DeliverableS4Simile "Naive use of persistent store in Jena decreases performance by 100x:
* Part of the problem is limited expressivity in RDQL
* Look at performance tuning on databases
* Ryan: Look at the performance of more specialized RDF databases, cf. Kowari"
Open Source Projects That Use Java NIO "The storage engine of Kowari is a transactional triplestore known as the XA Triplestore. ll relevant fields of in-memory and on-disk data structures are 64 bits wide..."
Kowari for hundreds of millions of triples "Jim Hendler emailed me in response to my having mentioned on www-rdf-interest@w3c.org that I was surveying triple stores for use in data mining and machine learning. He mentioned a Java-based, non-relational, triple store called Kowari that is available in open source form..."
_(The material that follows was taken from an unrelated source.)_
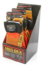 Features, Hi visibility fabric for optimum hand visibility in hazardous conditions, Nails pinch protection with maximum dexterity, Red safety synthetic leather tended wall of finger fourchettes, Flex-vent and Flex-Binding for Fit-Out easy cuff, MECDEX original leather puller Applications, Heavy construction, Agriculture and Farming, Power Tools Handling, Glass and Metal Handling, Tool Pushing, Cut Hazards EN388:2003, Level 4 – Abrasion, Level 5 – Cut Resistance, Level 4 – Tear Resistance, Level 3 – Puncture EN407 4 2 3 X X X

RDQLPlus "I discovered Kowari last week. The iTQL language is very similar to what I've come up with for RDQLPlus... having equally been inspired by SQL/DDL. Kowari looks like a nice database. I've downloaded it but haven't had a chance to play with it yet..."
Some Tools "Kowari is a layer on top of Jena with OWL reasoning, too"
I would say that Kowari is a layer beneath Jena - one that provides persistance. The OWL reasoning is really only offered at the moment through Jena. However, we will be getting some basic inferencing, at our own query layer, in there soon too.
[protege-discussion] Re: large data sets, bulk data acquisition "I had a really bad time with Kowari earlier this year, it wouldn't compile and then pass its own self-tests...."
This is basically problems with Windows. We develop on Linux and OS X and only do QA on Windows. Our initial release had known problems under Windows - which lead to failing unit tests but was not fatal for data storage. Anyway, it is fixed now; although Windows does have some drawbacks when it comes to using NIO.